A faithful copy is needed of the lines below from the one with "Дверь Ока массив" up to and including the one with "순매매량은 표시되지 않음"; set it down with no pictures and no other lines.

*** Dataset

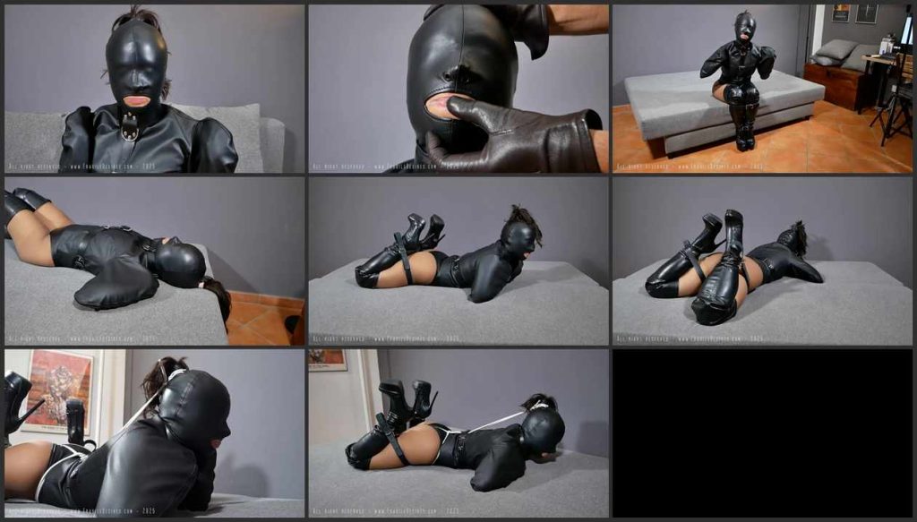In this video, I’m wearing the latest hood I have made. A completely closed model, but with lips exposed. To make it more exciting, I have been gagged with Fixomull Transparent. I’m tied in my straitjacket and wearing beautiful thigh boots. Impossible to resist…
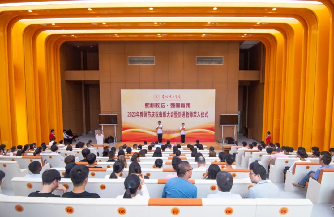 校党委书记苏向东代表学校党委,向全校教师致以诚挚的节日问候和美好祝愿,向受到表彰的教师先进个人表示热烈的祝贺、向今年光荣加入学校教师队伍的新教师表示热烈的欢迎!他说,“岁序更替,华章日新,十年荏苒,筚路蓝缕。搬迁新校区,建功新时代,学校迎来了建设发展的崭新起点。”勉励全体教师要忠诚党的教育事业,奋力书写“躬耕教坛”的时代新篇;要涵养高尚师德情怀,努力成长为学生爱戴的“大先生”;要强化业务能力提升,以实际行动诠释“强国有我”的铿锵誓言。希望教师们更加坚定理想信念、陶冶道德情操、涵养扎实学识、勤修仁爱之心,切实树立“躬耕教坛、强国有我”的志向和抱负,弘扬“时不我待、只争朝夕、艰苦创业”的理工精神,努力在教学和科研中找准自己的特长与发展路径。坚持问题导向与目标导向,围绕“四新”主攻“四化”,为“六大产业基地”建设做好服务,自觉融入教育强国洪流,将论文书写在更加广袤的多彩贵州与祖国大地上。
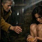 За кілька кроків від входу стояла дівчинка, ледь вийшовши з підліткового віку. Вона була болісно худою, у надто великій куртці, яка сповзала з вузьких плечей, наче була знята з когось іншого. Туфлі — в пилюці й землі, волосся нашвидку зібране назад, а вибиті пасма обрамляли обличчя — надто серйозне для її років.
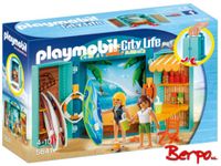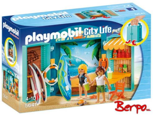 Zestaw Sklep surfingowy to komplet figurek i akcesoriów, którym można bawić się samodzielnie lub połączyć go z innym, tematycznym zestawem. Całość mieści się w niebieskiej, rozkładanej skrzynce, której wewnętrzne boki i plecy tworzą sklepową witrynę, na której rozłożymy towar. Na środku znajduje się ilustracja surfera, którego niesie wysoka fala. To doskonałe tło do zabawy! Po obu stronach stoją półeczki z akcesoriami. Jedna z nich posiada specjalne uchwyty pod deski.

******
*** Dataset

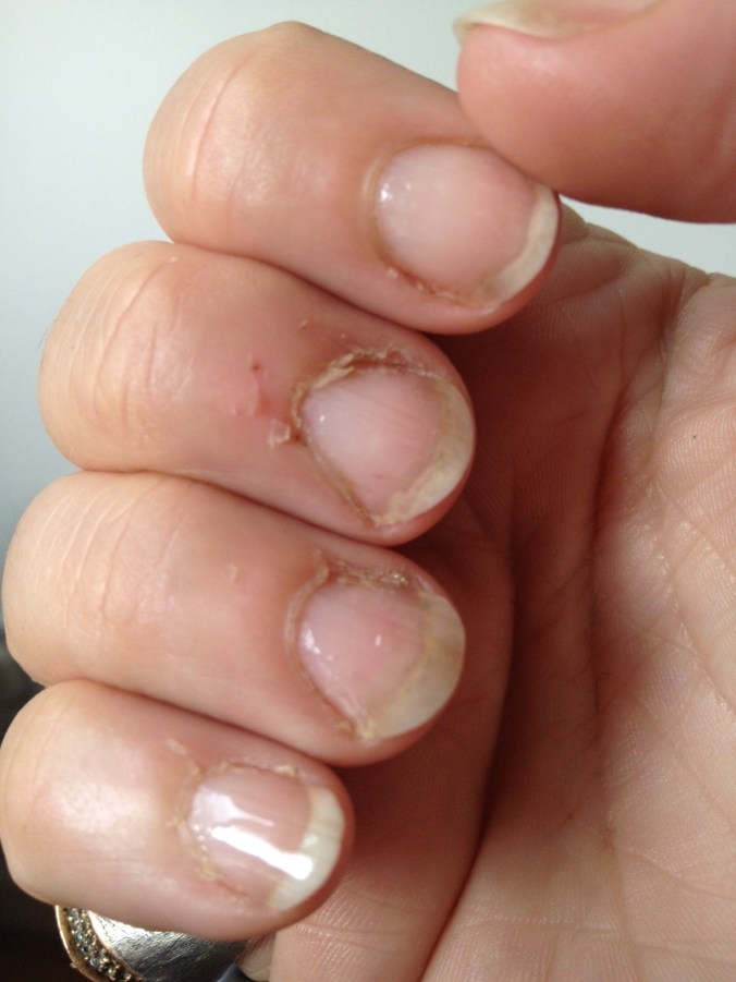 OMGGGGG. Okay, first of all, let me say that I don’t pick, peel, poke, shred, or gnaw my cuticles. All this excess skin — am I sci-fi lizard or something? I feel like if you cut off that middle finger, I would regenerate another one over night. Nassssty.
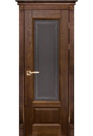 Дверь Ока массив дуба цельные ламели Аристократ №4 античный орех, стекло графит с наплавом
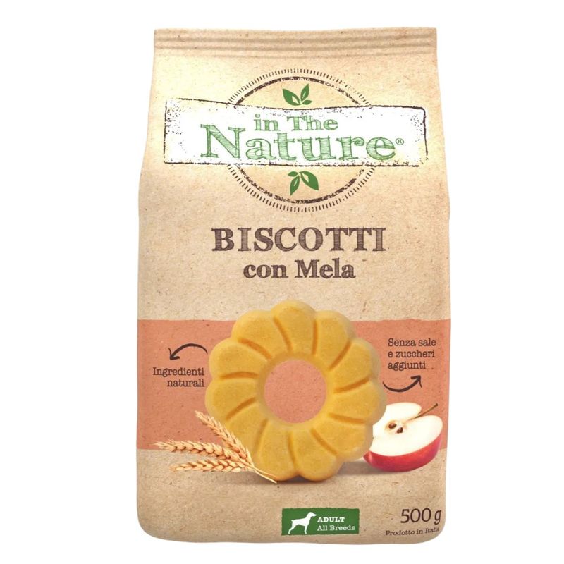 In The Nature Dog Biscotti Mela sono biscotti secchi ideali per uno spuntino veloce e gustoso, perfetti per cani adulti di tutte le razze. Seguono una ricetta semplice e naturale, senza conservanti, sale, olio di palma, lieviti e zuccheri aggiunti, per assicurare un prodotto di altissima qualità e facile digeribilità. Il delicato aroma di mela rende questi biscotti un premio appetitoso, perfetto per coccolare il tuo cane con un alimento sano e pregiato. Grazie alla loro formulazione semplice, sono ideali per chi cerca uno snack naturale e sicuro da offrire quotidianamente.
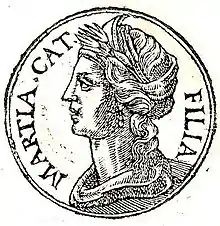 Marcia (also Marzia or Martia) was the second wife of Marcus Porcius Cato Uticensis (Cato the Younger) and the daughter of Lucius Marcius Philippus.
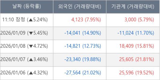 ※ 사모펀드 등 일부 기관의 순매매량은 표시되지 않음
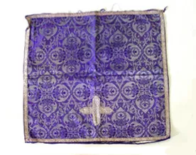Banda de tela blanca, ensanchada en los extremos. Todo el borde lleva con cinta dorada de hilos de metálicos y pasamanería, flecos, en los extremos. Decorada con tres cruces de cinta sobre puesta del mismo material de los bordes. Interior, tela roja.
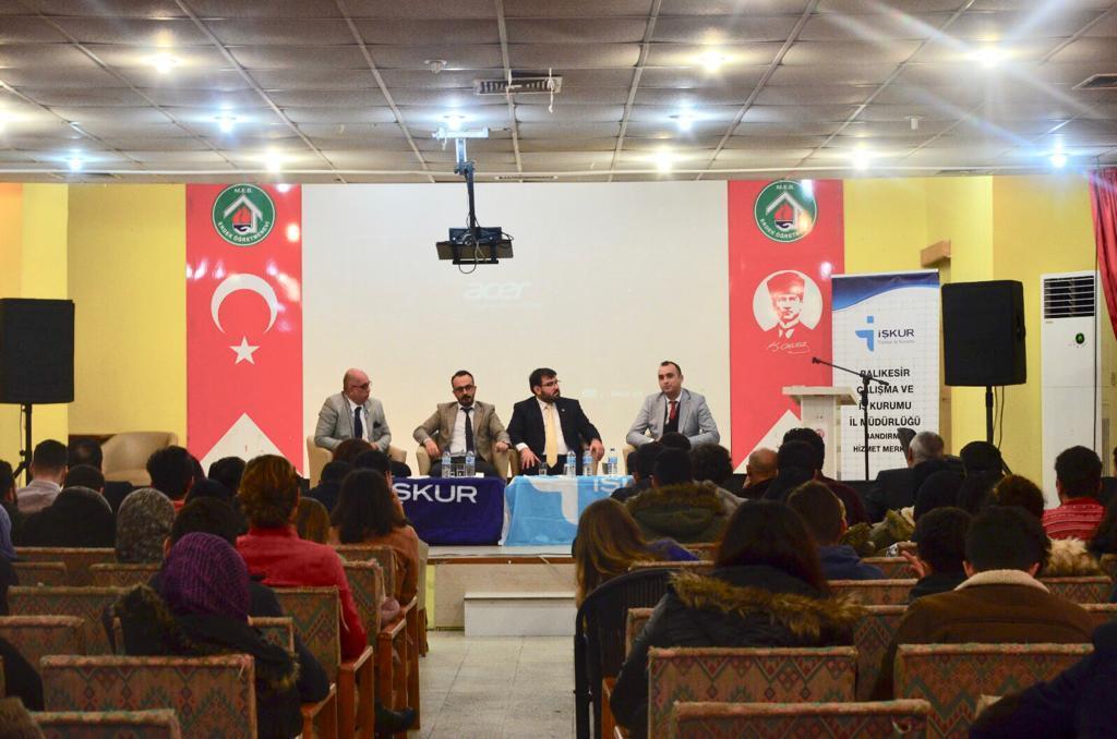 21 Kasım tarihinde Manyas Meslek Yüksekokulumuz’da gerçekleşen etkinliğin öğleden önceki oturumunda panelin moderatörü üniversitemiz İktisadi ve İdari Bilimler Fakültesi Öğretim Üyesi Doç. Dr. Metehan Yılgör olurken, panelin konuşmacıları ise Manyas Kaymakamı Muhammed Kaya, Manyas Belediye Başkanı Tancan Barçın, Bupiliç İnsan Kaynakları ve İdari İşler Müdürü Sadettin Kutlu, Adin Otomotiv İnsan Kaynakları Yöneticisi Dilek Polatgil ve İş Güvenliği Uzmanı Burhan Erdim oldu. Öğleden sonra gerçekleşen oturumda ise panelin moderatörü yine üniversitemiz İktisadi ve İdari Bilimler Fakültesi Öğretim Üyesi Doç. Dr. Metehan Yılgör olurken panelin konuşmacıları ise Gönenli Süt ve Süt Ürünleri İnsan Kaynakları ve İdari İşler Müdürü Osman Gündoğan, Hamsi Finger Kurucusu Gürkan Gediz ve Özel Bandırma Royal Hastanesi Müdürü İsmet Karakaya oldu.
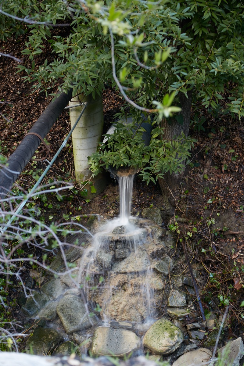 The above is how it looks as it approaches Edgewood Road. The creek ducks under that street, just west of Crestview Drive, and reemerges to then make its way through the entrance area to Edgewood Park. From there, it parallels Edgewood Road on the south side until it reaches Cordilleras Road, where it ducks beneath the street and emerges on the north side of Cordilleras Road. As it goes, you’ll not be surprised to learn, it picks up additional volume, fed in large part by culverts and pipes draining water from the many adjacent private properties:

******
*** Dataset

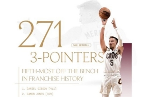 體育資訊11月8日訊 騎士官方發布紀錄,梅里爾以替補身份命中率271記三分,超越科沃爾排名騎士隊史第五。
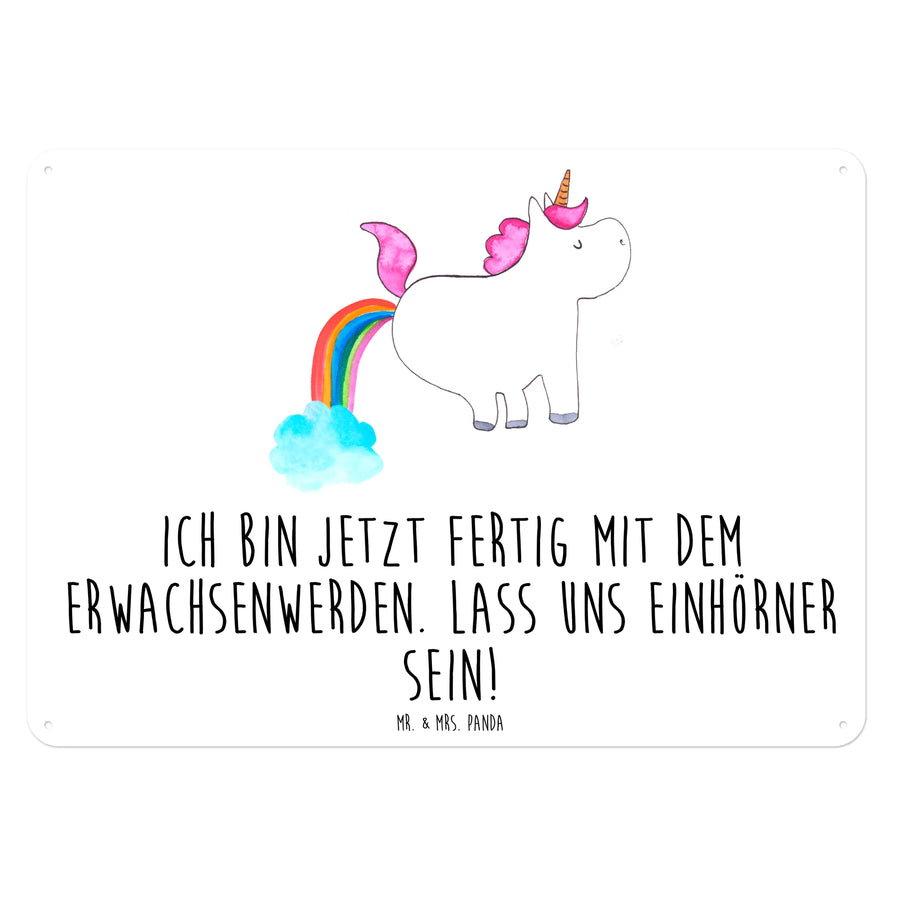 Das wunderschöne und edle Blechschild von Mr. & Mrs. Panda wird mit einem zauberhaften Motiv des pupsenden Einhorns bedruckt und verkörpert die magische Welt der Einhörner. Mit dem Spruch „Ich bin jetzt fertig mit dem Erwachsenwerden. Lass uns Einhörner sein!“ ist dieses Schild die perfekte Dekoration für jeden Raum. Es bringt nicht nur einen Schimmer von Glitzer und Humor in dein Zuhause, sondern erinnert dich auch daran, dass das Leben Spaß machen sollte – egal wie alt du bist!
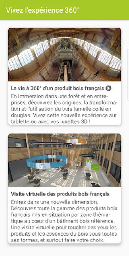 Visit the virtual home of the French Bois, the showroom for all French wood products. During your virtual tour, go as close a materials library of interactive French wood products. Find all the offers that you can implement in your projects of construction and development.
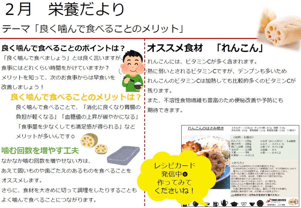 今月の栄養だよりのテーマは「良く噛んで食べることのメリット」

******

**Result of the exercise:**
 Дверь Ока массив дуба цельные ламели Аристократ №4 античный орех, стекло графит с наплавом
 In The Nature Dog Biscotti Mela sono biscotti secchi ideali per uno spuntino veloce e gustoso, perfetti per cani adulti di tutte le razze. Seguono una ricetta semplice e naturale, senza conservanti, sale, olio di palma, lieviti e zuccheri aggiunti, per assicurare un prodotto di altissima qualità e facile digeribilità. Il delicato aroma di mela rende questi biscotti un premio appetitoso, perfetto per coccolare il tuo cane con un alimento sano e pregiato. Grazie alla loro formulazione semplice, sono ideali per chi cerca uno snack naturale e sicuro da offrire quotidianamente.
 Marcia (also Marzia or Martia) was the second wife of Marcus Porcius Cato Uticensis (Cato the Younger) and the daughter of Lucius Marcius Philippus.
 ※ 사모펀드 등 일부 기관의 순매매량은 표시되지 않음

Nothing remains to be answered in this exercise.